Philips Launches IntraSight Plus, FDA‑Cleared Interventional Cardiology Platform

RYLPF
March 25, 2026

Philips announced the launch of its IntraSight Plus interventional cardiology platform, a comprehensive system that integrates IVUS imaging, iFR/FFR physiology, and co‑registration to support minimally invasive coronary procedures. The platform received FDA 510(k) clearance and CE marking, enabling marketing in the United States and European markets. The first patient case was performed on March 19, 2026, in Germany.

Philips claims the platform can reduce system operation time by up to 47%, improving workflow efficiency for cardiac specialists. The integration of diagnostic and treatment planning tools supports Philips’ connected care strategy, which has been a focus since the COVID‑19 pandemic and is reinforced by recent acquisitions such as BioTelemetry and Capsule Technologies.

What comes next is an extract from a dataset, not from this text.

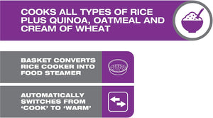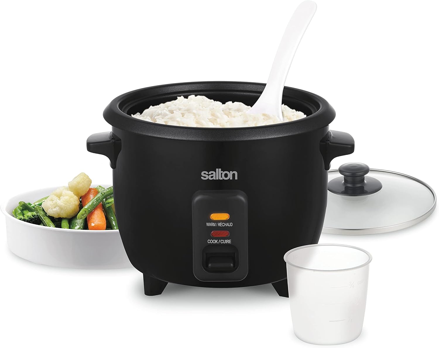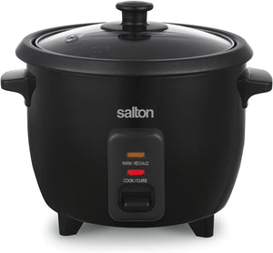 Salton 6-Cup Automatic Rice Cooker | Bonus Food Steaming Basket | Keep Warm Function | Ideal for Rice, Quinoa, and Oatmeal | 300W | Includes Non-Stick Rice Bowl, Measuring Cup & Spatula | Black

The launch follows Philips’ Q4 2025 earnings, which reported 7% comparable sales growth and a 15.1% adjusted EBITA margin, underscoring the company’s ability to drive profitability while investing in innovation. CEO Roy Jakobs highlighted the company’s “strong order growth and sales, robust margin expansion despite tariffs, and solid cash generation” as evidence of resilient performance.

In the competitive interventional cardiology market, Philips faces rivals such as Boston Scientific, which also offers FFR guidewires and other device solutions. By bundling imaging and physiology into a single platform, Philips aims to differentiate itself and capture a larger share of cath‑lab workflows, potentially accelerating adoption and revenue growth.

The IntraSight Plus launch signals Philips’ continued commitment to integrated health technology solutions and positions the company to capitalize on the growing demand for minimally invasive cardiac procedures driven by an aging population and rising cardiovascular disease prevalence.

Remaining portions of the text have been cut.